Tüm bu kişisel imajların dışında bir de “kişisel gerçeğiniz” bulunmaktadır. Gerçeğiniz bazen öz imajınıza, bazen algılanan imajınıza, bazen de ideal imajınıza daha yakındır. Kişisel tutarlılığın ölçüsü, kişisel imajın kişisel gerçeğe yakınlık ve uygunluk derecesidir. İstenilen doğru resmi oluşturmak ve yansıtmak olarak Kişisel imaj; kim olduğunuzu, ne yaptığınızı , yapılan işte ne kadar başarılı olduğunuzu anlatmaya yarar ve şu üç öğenin birleşiminden oluşur:Kişinin kendisini içerden nasıl gördüğü yani Öz-İmajı;  
Başkalarının dışarıdan kişiyi nasıl gördüğü yani Algılanan İmajı; 
Kişinin kendisini nasıl görmek ve başkalarına nasıl görünmek isteği,  yani İstenilen yada Hayal Edilen İmajı. Bunlardan üçüncüsü ulaşılmak için çabalanan hedeftir. Bu bağlamda imaj,  kişinin diğerleri üzerinde bıraktığı izlenim, kişinin bulunduğu her ortamda yansıttığı biçim, kişinin kendini nasıl gördüğü, başkalarının kişiyi nasıl gördüğü, kişinin başkalarına nasıl görünmek istediğini tanımlar. Kişinin görünüşü, konuşması, ses tonu, beden dili, giyim tarzı algı sürecinden geçer ve imajı oluşturur. Osho,  “Ben sana hiçbir ideal öğretmiyorum, sana hiçbir "olmalı"yı öğretmiyorum. Ben o, bu olmalısın demiyorum. Benim tüm öğretim basitçe şudur: Her kimsen, onu öyle eksiksizce kabul et ki, onu da öyle yansıt ki, başarılacak hiçbir şey kalmasın” diyerek doğru resmi oluşturmanın önemine dikkat çekmektedir. Buffon,”Doğa eserleri niçin bu kadar mükemmeldir? Çünkü her eser, bir bütündür” diyerek bir çalışmanın eser olabilmesinde bütünlüğe vurgu yapar. Sizin içinde bu bütünlüğün anlamı, sizi yansıtan bir eser, bir resim ortaya koymaktır. Bu eser ki, sizin için bu üç imajı bütünleştirdiğiniz resmi ortaya koymak olacaktır. Bu resim de, bütüncül enerjinizle sevgiyle ortaya koyduğunuz mucizeniz olsun.Bu mucize sizin hayatınızda doğru resim olarak  anlam bulsun..  

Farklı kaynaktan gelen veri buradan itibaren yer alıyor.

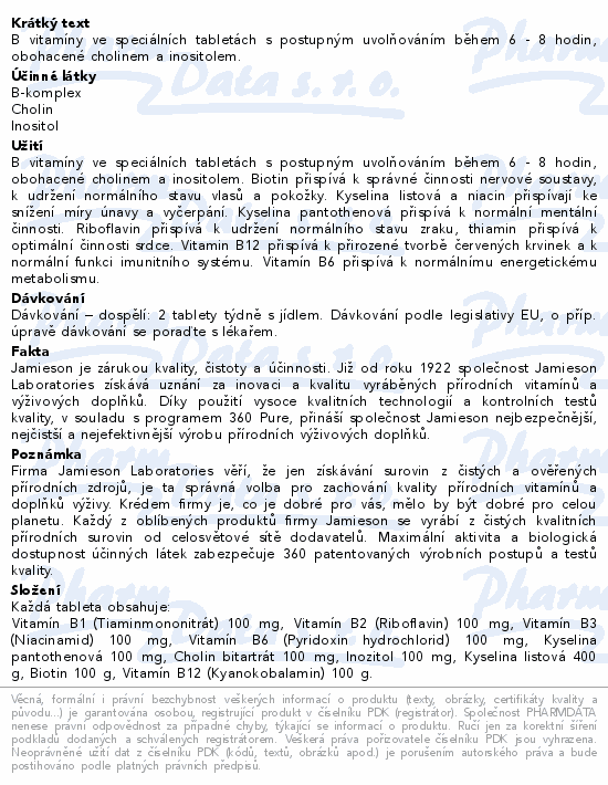 B vitamíny ve speciálních tabletách s postupným uvolňováním během 6 - 8 hodin, obohacené cholinem a inositolem.
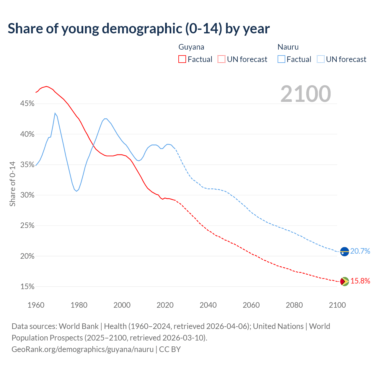 - The share of young demographic (0-15 years old) in Guyana is 29.2% vs 37.8% in Nauru.
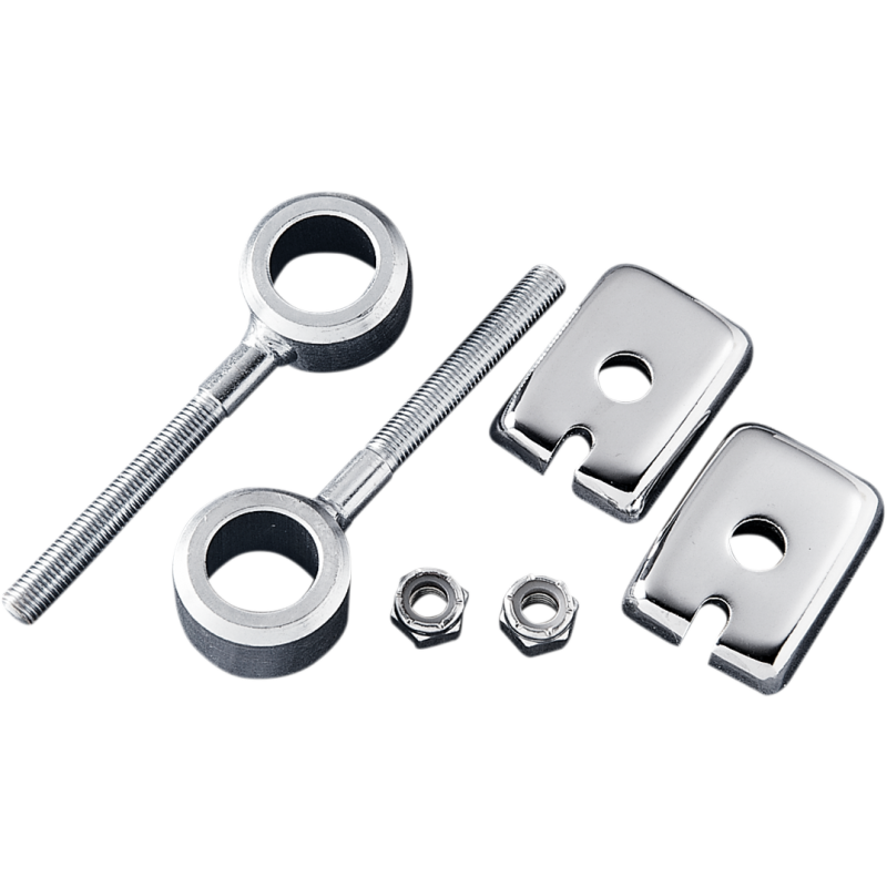 Chromed axle chain adjusters. End cap and locknut included. Sold in pairs.
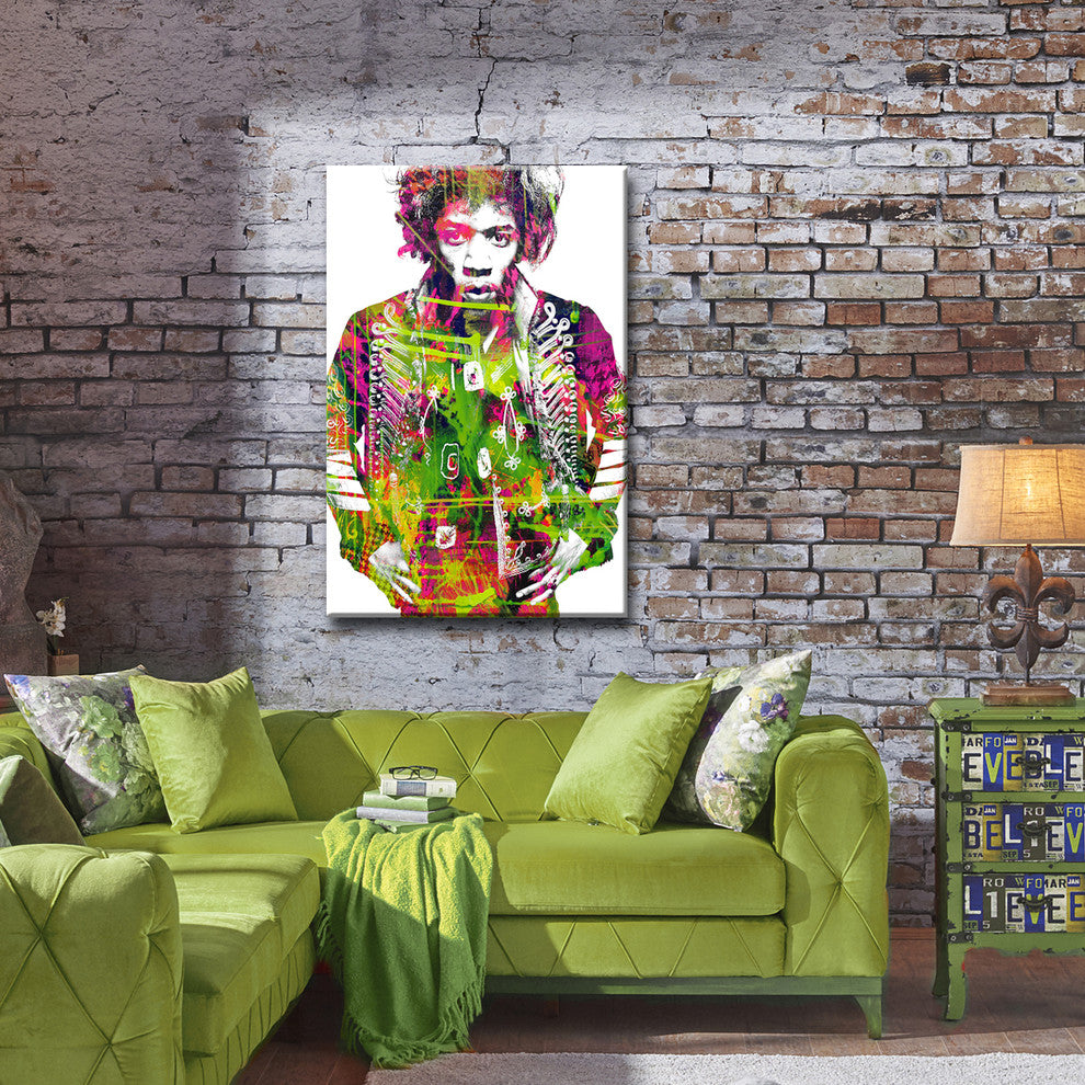 "Iconic Jimmy Hendrix'' from Ready2HangArt series Iconic Art takes you on a journey with this unique retrospective of a star that affected Pop Culture in the past centuries. Frameless and ultra modern... ArtPlexi really brings images to life; a guaranteed talking point with visitors. The surface is clear polished and adhered precisely to the fine ink print allowing the color and metallic attributes to transcend through the reflective nature providing a great depth of field. The rear hanging system is only visible at an angle, and allows the ArtPlexi to appear as floating on your wall creating a sleek statement. Ready2HangArt is a USA based vertical decorative art firm seeking to enhance people''s surroundings with innovative designs, extraordinary quality, and unparalleled value. Proudly Made in America'' R2H makes #decoratingsimplified"
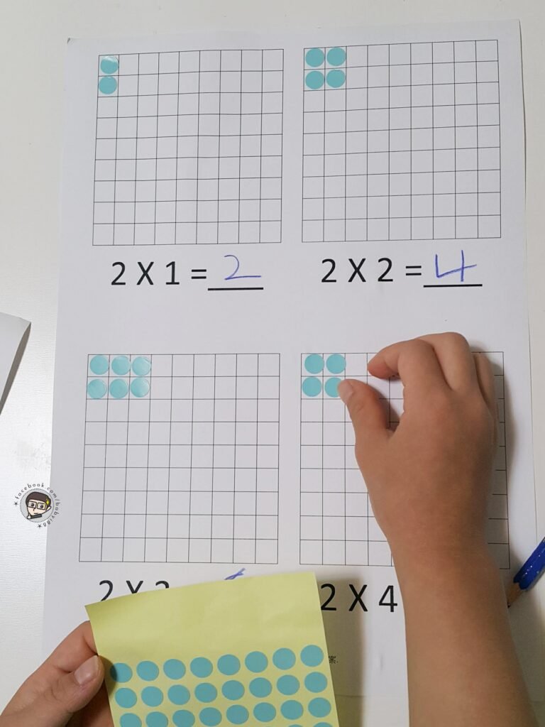 搭配圓點貼紙來學習乘法的概念
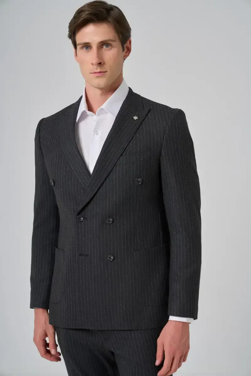 ModaZon Мужской Дымчатый Полувискозный Трендовый Полосатый Приталенный Костюм Двойка с Острым Воротником на Пуговицах - это специальный дизайн, который понравится стильным и оригинальным мужчинам. Он идеально подходит для тех, кто хочет выглядеть стильно на работе, на особых мероприятиях или в повседневной жизни. Благородный оттенок дымчатого цвета, трендовый полосатый узор и приталенный крой создают привлекательный образ. Деталь с острым воротником придает костюму современный и изысканный вид, а застежка на пуговицах привносит в современность классическую элегантность. Долговечность и комфорт полувискозной ткани обеспечивают комфорт в течение всего дня. Благодаря устойчивости к складкам вы всегда будете выглядеть аккуратно. Приталенный крой помогает добиться подтянутого вида благодаря облегающему фигуру крою. Качественные швы и детали гарантируют долговечность изделия. Он легко сочетается с различными комбинациями рубашек и галстуков. Вы можете добиться классического образа на деловых встречах, смелого - на особых мероприятиях и спортивно-элегантного - в повседневной жизни. Он станет незаменимым элементом вашего гардероба и поможет вам продемонстрировать свой стиль в любой обстановке. Вы всегда можете создать безупречный образ, сочетая его с аксессуарами и обувью, отражающими ваш собственный стиль. Этот костюм от ModaZon - отличный выбор для мужчин, которые ищут сочетание стиля и комфорта. Будь то на работе или в особые моменты, у вас всегда будет привлекательный и оригинальный стиль. Дышащая структура ткани позволяет вам чувствовать себя комфортно в течение всего дня. Крой костюма создает стильный силуэт, не ограничивая вашу свободу движений. Дымчатый цвет легко адаптируется к любому оттенку кожи и может быть легко адаптирован к гардеробу каждого мужчины. Трендовый полосатый узор придает костюму современный вид, а деталь с острым воротником создает мужественный вид. Застежка на пуговицах создает классический и элегантный образ. ModaZon привносит в мужскую моду новое дыхание, объединяя в этом костюме качество и стиль. Как на работе, так и на особых мероприятиях вы можете чувствовать себя уверенно и стильно в этом костюме. Вы можете наилучшим образом продемонстрировать свой стиль, сочетая его с правильными аксессуарами, которые дополнят ваш стиль. Будьте всегда на шаг впереди с мужским дымчатым полувискозным трендовым полосатым приталенным костюмом двойкой с острым воротником на пуговицах от ModaZon!

Cicero Simonides,” Resim suskun bir şiirdir, , şiir de konuşan resim” der. Hem suskun şiir, hem de konuşan bir resim olmak için bu hayatta aslında, varoluşunuzun olumlanması, kutsanması ve hayran olunmasıdır.  Bu hayranlıkta da yüzünüzü görmek için nasıl aynaya bakarsınız, ruhunuzu görmek için de oluşturdunuz resme. Siz de düşüncelerinizi ve kendinizi yansıtmak istiyorsanız, doğru zamanda doğru renklerle oluşturduğunuz  doğru resmi, doğru kişilere, doğru bir tarz ile anlatmalısınız.Resimde doğru renkleri kullanarak, resmi doğru yansıtmalısınız….“Bilmek başka, Bulmak başka, Olmak daha başka” diyen Mevlana, “Çoğu insan gördüğü şeyi olduğu gibi değil, görmek istediği gibi görür. Bakmak başkadır, baktığınızı görmek başka. Gördüğünüzü, anlamak ise bambaşka bir şeydir. Anladığınızdan bir şeyler öğrenmek de yine ayrı bir şey. Ama asıl önemli olan, öğrendiğinize uygun hareket etme”nin önemine işaret eder. Çünkü bu öğrendiklerimiz ile oluşan farkındalık kendimize ait doğru resmi oluşturmada ve bu resmi yansıtmada bize rehberlik edecektir. Oscar Wilde ”Dünyanın gerçek gizemi görünmeyende değil, görünendedir.”Görünen de güneş gibi doğmalıdır insanların üstüne. Bu güneş ki, ne zaman olsa doğacaktır imajınuzla sizin için… Sizin imajınız, “ayniyle insan” olursa, ve öyle yansıtılırsa bu sizin için çok kolay olacaktır.  Sizde imajınızla insanların üzerine güneş gibi doğarsanız, açamayacağınız kapı kalmayacaktır Vincent Van Goghe, “İnsanın hayatı, insanın hayalidir. Önce resmimi hayal ederim, sonra da hayalimi resmederim “ diyerek istediğiniz imajı yaratmanın başlangıcının da kendini bilmenin farkındalığına dikkat çeker.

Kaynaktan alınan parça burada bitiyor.